Later everyone said it was lucky I didn't break a bone, or my back. Granddad said there must have been ten bales or more on top of me when he found me. But I wasn't hurt. I lay there smelling the warm hay, feeling its weight on top of me, wondering about the darkness because the bales had sealed me off from the world and the light. I wasn't scared. It was the first time I remember thinking it was strange how the world could go from one way to another in a minute, from one simple misstep. From light and air to darkness and heaviness and the smell of hay so close around me it pressed in like a blanket. I've thought of that many times since. I didn't fight my way out from under the hay. I lay there for what seemed like hours, until my granddad came up to check on me and found me under the hay and lifted it all off and set me free.

“You gave us half a scare, boy,” he said later. “Thought you were dead for a minute.”

I never told my granddad I could have made my own way out from underneath the hay any time I wanted. That I didn't because I liked the darkness, and the smell, and I knew things under the hay I couldn't have known at any other time. I was only five.

WHEN I WAS FIVE I
almost died.

Mom said it was something called a “summer complaint.” I got all filled up and couldn't breathe and they took me to the Oldsport hospital. A whole bunch of doctors and nurses put needles in my arms and took my temperature.

I was really scared. Jake and Mom weren't allowed to see me, because the doctors thought they might get it too. The doctors and nurses who came into my room had to wear masks. The nurses were really nice, but I still wanted to go home. I couldn't sleep at night. There was too much light, and the nurses kept coming in and waking me up. Once during the day I fell asleep and when I woke up Jake was sitting beside my bed with a white mask over his mouth and nose. It looked like he was crying.
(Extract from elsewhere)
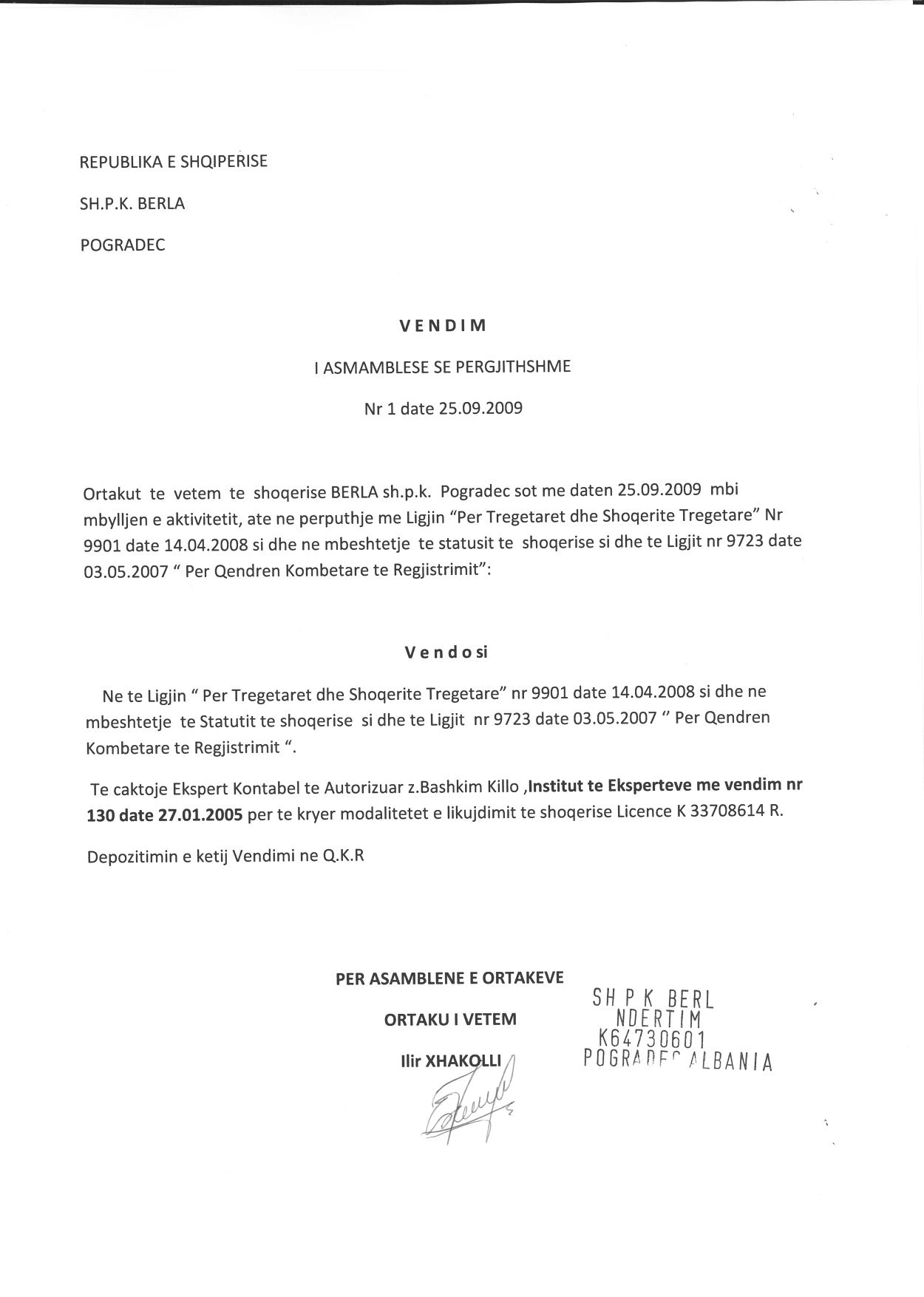 → Ekstrakti Historik i Regjistrit Tregtar date 23.05.2023 → Akt themelimi dhe Statuti i Shoqerise → Vendim i Ortakut te Vetem, Likuidim Shoqerie date 25.09.2009 → Vendim i Ortakut te Vetem, Cregjistrim Shoqerie date 30.11.2009 |
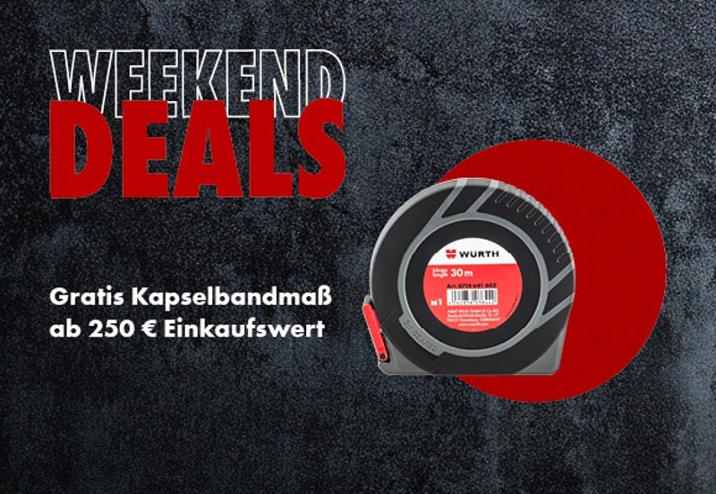 Mit den Würth Weekend Deals sichern Sie sich jede Woche exklusive Rabatte, Sonderangebote und Gratis-Zugaben. Das Beste: Die Deals wechseln jede Woche! Von Freitag bis Sonntag können Sie sich reduzierte Preise und besondere Aktionen sichern – Nur im Online-Shop oder der Würth App. Jede Woche reinschauen und sparen!

“What's wrong, Jake?” I asked.

“Nothing, squirt,” he said. “How you feeling?”

“I want to go home, Jake,” I said.

“Soon, squirt,” he said. “Soon.”

I was in the hospital for almost a whole week and when I went home I didn't have to go to school in September when it started. I was home for almost two months. The principal wanted to keep
me back because I missed too much but Mom fought with him and they let me in. My first day back everyone talked about how I was almost dead.

“Hey shithead!” one of the older kids said to me on the playground at recess. “Heard you almost kicked the bucket!”

I didn't know what “kicked the bucket” meant. Jake had to explain it to me. For a while everyone was really nice. Even Mom. But then she got tired of having me under her feet and made me get dressed in my snowsuit one afternoon and go outside and play with the other kids. Mom always said I should go out and play with the other kids though there was no one else to play with on our road. Jake got mad and said I was still too sick to be outside in the snow. Mom told him I was her son and not his and she could do whatever she wanted. Jake and her started screaming and Jake got so mad he left and didn't come home for three days. That was no big deal. Jake was always taking off for two or three days after he and Mom got in one of their fights. Each time it happened I worried he wouldn't come back. When Jake wasn't around things were too quiet in our house. But Jake always did come back. He'd show up like normal one morning. I'd get outta bed and go to the kitchen and there Jake would be, sitting with Mom at the kitchen table, smoking and drinking coffee.

“Heyya squirt,” he'd say as if he hadn't been anywhere at all. He and Mom would be talking quietly about anything except their fight and the fact we hadn't seen Jake for days. For a while things would be okay between them. I liked these times. I could sit between my mother and Jake at the table and eat my Frosted Flakes and not worry one of them was going to get mad and start yelling. Sometimes Jake reached out and mussed my hair. Mom didn't say anything, though normally she didn't like Jake to touch me. I loved it when Jake touched me. It made me feel all good inside, like I was sitting next to a wood stove and outside it was storming real bad, but inside I was warm and safe. That's how having Jake touch me made me feel.